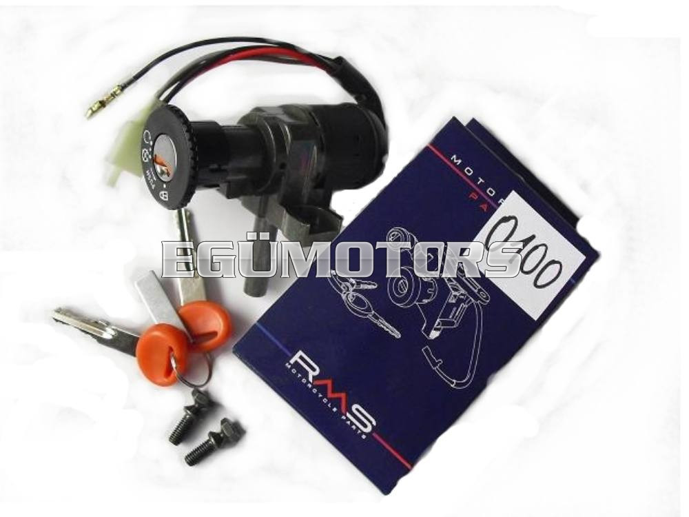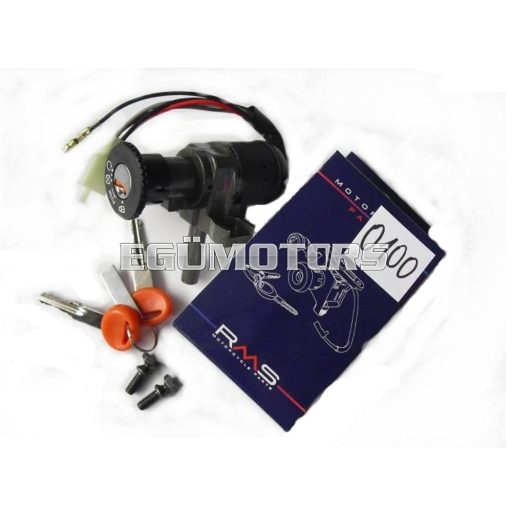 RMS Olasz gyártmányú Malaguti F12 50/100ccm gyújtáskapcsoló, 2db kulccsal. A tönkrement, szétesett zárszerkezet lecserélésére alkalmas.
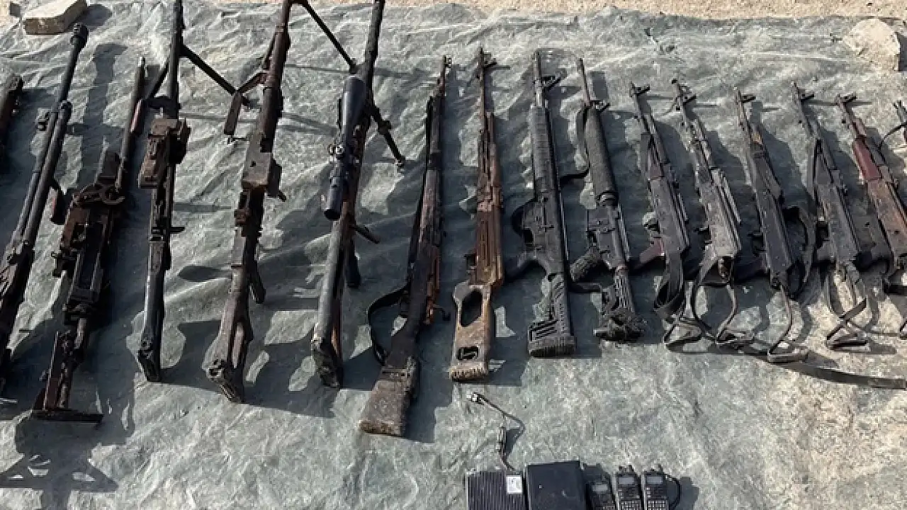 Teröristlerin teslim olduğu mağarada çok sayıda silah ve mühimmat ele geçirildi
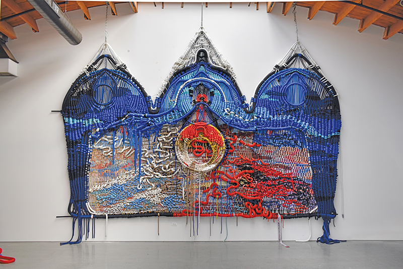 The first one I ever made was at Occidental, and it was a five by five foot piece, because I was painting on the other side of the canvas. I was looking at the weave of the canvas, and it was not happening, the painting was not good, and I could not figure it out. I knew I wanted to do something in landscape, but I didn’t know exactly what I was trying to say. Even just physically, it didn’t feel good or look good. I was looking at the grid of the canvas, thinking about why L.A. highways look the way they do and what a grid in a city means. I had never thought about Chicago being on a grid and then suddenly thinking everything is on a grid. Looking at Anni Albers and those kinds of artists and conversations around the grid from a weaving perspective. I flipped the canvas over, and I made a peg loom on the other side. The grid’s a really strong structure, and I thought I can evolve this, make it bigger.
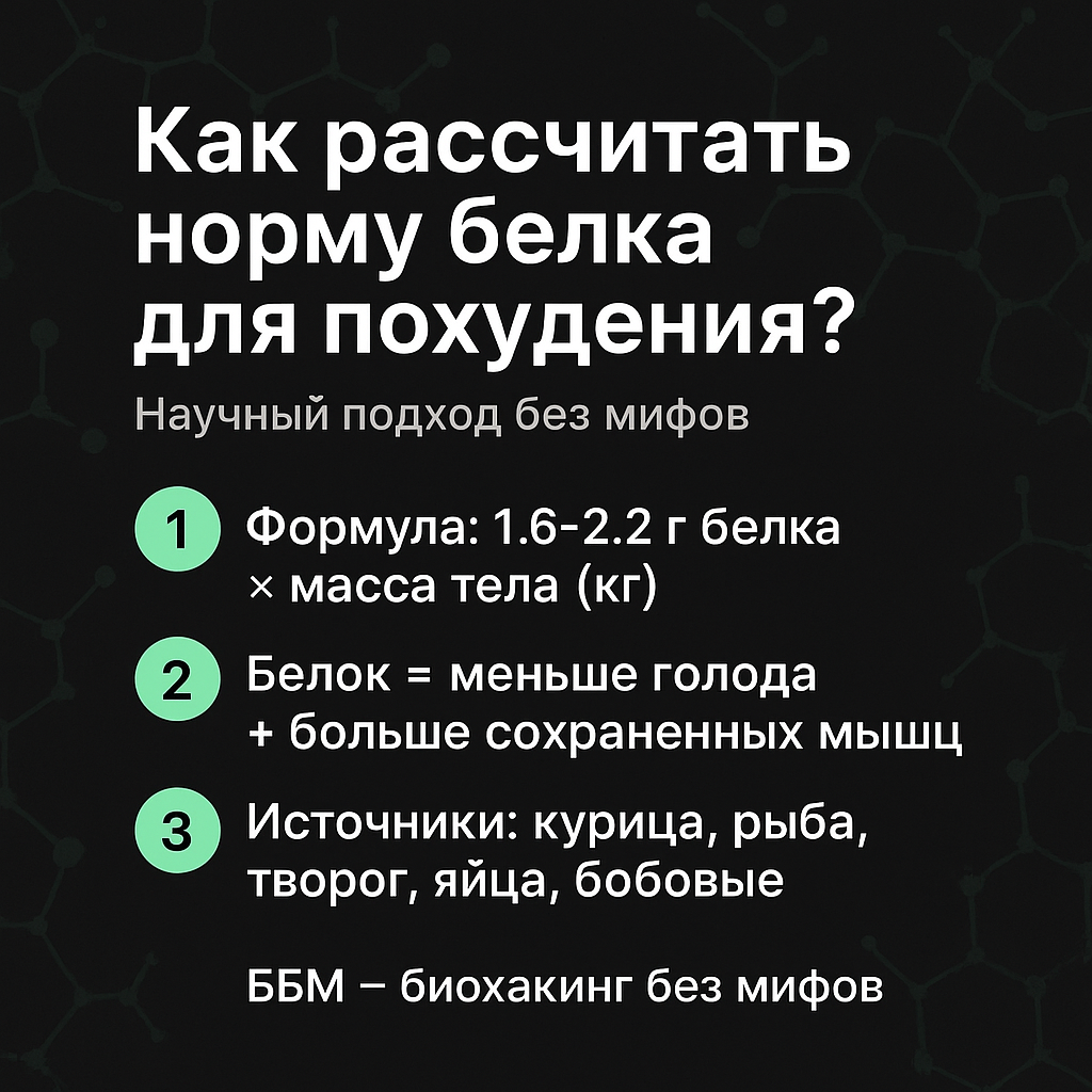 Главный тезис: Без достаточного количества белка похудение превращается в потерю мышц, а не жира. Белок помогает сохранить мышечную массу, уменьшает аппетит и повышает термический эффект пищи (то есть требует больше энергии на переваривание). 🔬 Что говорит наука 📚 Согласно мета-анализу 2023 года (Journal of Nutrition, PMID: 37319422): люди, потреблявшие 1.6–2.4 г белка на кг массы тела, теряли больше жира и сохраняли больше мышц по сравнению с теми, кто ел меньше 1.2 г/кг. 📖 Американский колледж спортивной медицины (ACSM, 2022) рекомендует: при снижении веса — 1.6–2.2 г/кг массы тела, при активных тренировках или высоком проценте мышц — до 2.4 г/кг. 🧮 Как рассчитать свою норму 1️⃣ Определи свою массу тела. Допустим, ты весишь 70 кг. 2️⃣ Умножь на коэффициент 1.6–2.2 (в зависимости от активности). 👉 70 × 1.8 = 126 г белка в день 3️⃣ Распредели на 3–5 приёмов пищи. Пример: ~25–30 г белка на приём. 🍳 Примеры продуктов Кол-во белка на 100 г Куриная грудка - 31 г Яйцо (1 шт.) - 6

** Exercise **
Restate the data word for word from its first line through the line with "The first one", leaving out any picture along the way.

** Exercise output **
 RMS Olasz gyártmányú Malaguti F12 50/100ccm gyújtáskapcsoló, 2db kulccsal. A tönkrement, szétesett zárszerkezet lecserélésére alkalmas.
 Teröristlerin teslim olduğu mağarada çok sayıda silah ve mühimmat ele geçirildi
 The first one I ever made was at Occidental, and it was a five by five foot piece, because I was painting on the other side of the canvas. I was looking at the weave of the canvas, and it was not happening, the painting was not good, and I could not figure it out. I knew I wanted to do something in landscape, but I didn’t know exactly what I was trying to say. Even just physically, it didn’t feel good or look good. I was looking at the grid of the canvas, thinking about why L.A. highways look the way they do and what a grid in a city means. I had never thought about Chicago being on a grid and then suddenly thinking everything is on a grid. Looking at Anni Albers and those kinds of artists and conversations around the grid from a weaving perspective. I flipped the canvas over, and I made a peg loom on the other side. The grid’s a really strong structure, and I thought I can evolve this, make it bigger.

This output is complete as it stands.